Apesar do registro oficial de 483 inscrições em Minas Gerais, Vladimir Rodrigues afirma que o número de retificações realizadas pela Defensoria Pública do estado são bem maiores.


“Tivemos um aumento de demanda antes e depois do mutirão em si, mas colocamos aqui só a quantidade que foi atendida durante o período estabelecido”, relata ele.


 

Os números chamam atenção e Gisella Lima espera que o mutirão repercuta também nacionalmente, já que se trata de uma importante oportunidade para que pessoas transgênero e travestis possam ter acesso pleno à cidadania, inclusão social e resgate da autoestima.
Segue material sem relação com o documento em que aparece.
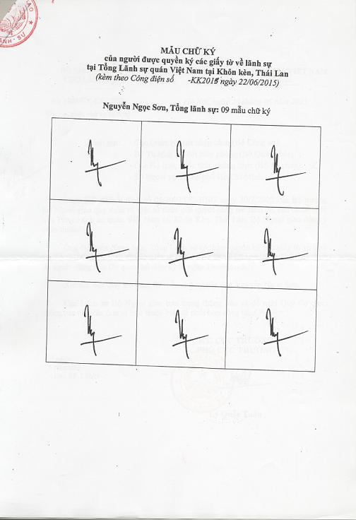 Thực hiện Quyết định số 05/2002/QĐ-BNG ngày 30/7/2002 của Bộ trưởng Bộ Ngoại giao quy định về việc tổ chức giải quyết công tác lãnh sự, căn cứ đề nghị của Tổng lãnh sự quán Việt Nam tại Khỏn Kèn, Thái Lan, Bộ Ngoại giao đồng ý chấp thuận: ông Nguyễn Ngọc Sơn - Tổng Lãnh sự, Tổng lãnh sự quán Việt Nam tại Khỏn Kèn, Thái Lan, có thẩm quyền ký các giấy tờ về lãnh sự, hộ chiếu ngoại giao và các giấy tờ mà pháp luật về hộ tịch, quốc tịch quy định do người đứng đầu Cơ quan đại diện ký. Ông Nguyễn Ngọc Sơn được ký kể từ ngày 29/6/2015. Bộ Ngoại giao thông báo 09 mẫu chữ ký của ông Nguyễn Ngọc Sơn để các cơ quan, đơn vị biết, phối hợp.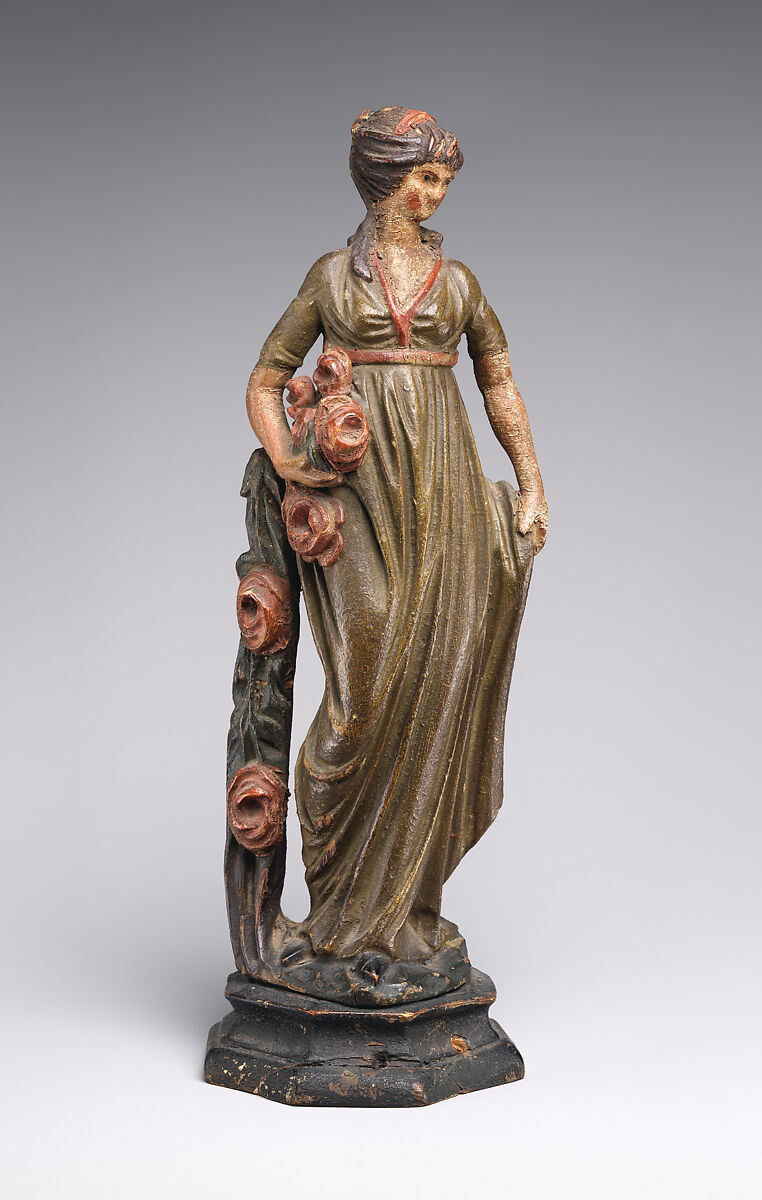 Personifications of the four seasons were common subjects for engravers and printmakers in the eighteenth century, but carved wood statuettes such as these are exceedingly rare. In this set of figurines (1971.180.83-.86), the seasons are identified by their attributes: Spring by flowers, Summer by wheat, Autumn by a basket of fruit, and Winter by a muff. Other than for ships’ figureheads, there was little demand in the United States for sculptural carving during this time period. The surviving examples of non-maritime wood sculpture originated almost exclusively in Boston or Salem, Massachusetts.

“Quero que Minas seja um exemplo para o país. Já garantimos a gratuidade na retificação de nome e gênero para pessoas nascidas no estado, e essa é uma conquista muito grande, mas queremos isso para todos. O que é bom, não quero só para mim, quero levar para outras pessoas”, diz ela.


O mutirão é uma realização da DPMG por meio da Coordenadoria de Projetos, Convênios e Parcerias (CooProC) com a gestão da Defensoria Especializada em Direitos Humanos, Coletivos e Socioambientais (DPDH). Contou também com o apoio da Associação das Defensoras e Defensores Públicos de Minas Gerais (ADEP-MG).